Drop the pictures and restate the rest of the listing word for word.

[Opening STORED DATA section]

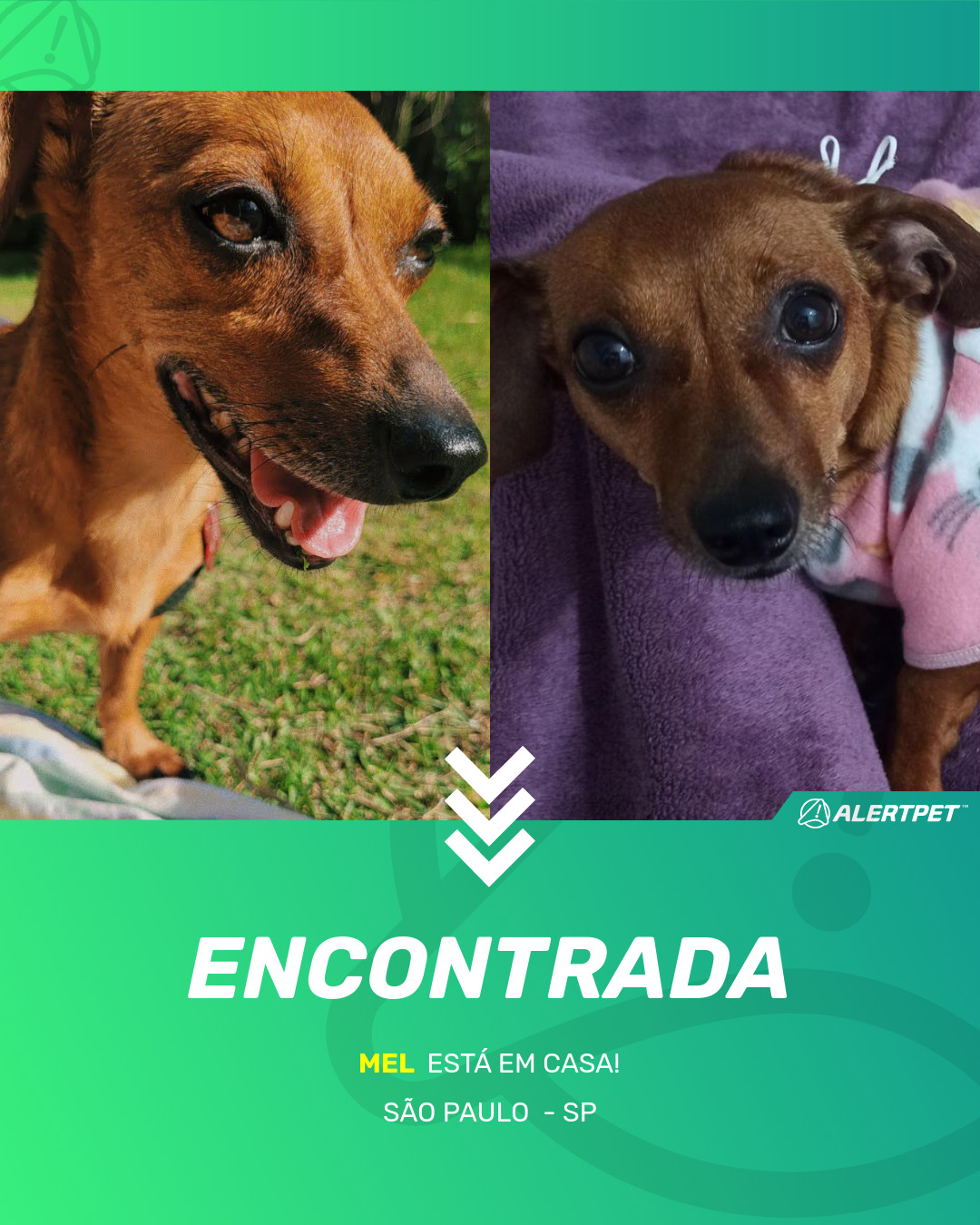 Depois de dois meses a cadelinha foi finalmente localizada graças a um anúncio da AlertPet
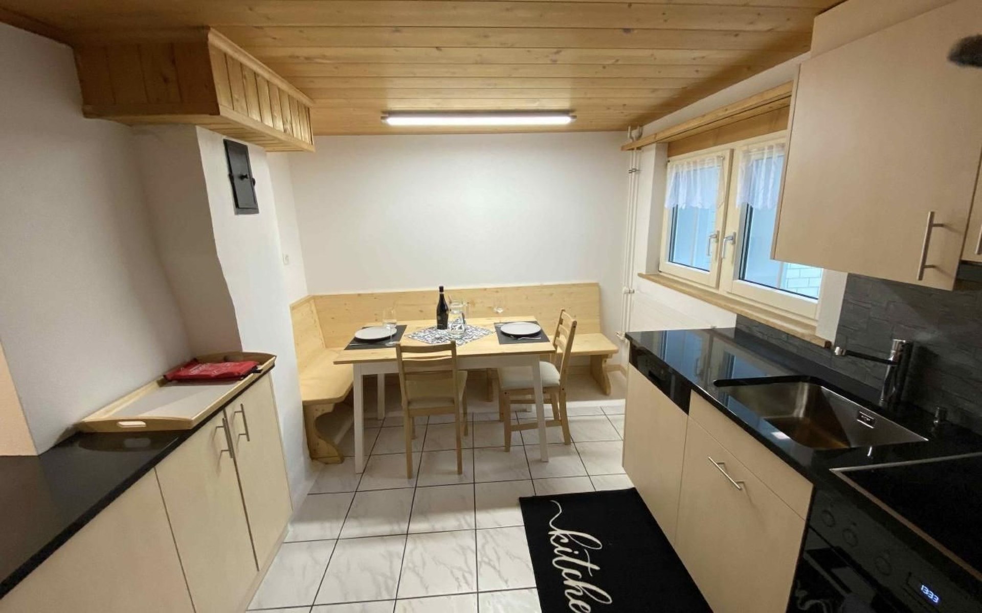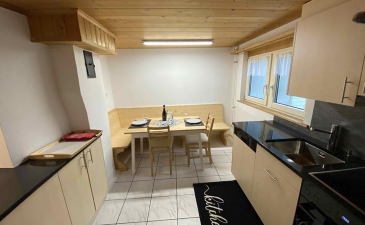 Sonstige Kücheneinrichtung (Küche1): Eckbank mit Esstisch und zwei Stühlen, grosse Ablagefläche
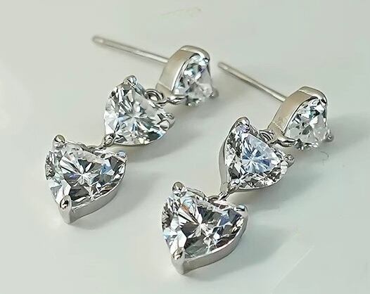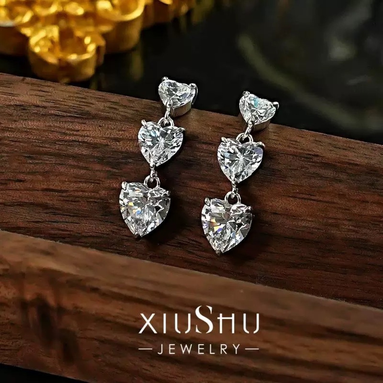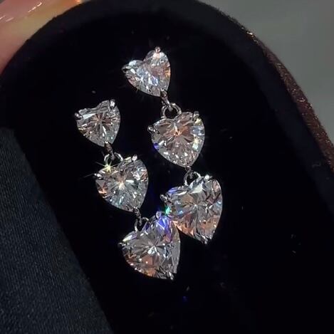ハートシェイプ 高炭素ダイヤモンド キラキラ ゴージャス ラグジュアリー 白 スタッドピアス 大人かわいい 可愛い ハイカーボンダイヤモンドダイヤモンド 揺れる ロウ ダングルピアス | キラキラゴージャスジュエリーのXIUSHU(シュシュ)

[Closing STORED DATA section]

» ANSWER BOX:
 Depois de dois meses a cadelinha foi finalmente localizada graças a um anúncio da AlertPet
 Sonstige Kücheneinrichtung (Küche1): Eckbank mit Esstisch und zwei Stühlen, grosse Ablagefläche
ハートシェイプ 高炭素ダイヤモンド キラキラ ゴージャス ラグジュアリー 白 スタッドピアス 大人かわいい 可愛い ハイカーボンダイヤモンドダイヤモンド 揺れる ロウ ダングルピアス | キラキラゴージャスジュエリーのXIUSHU(シュシュ)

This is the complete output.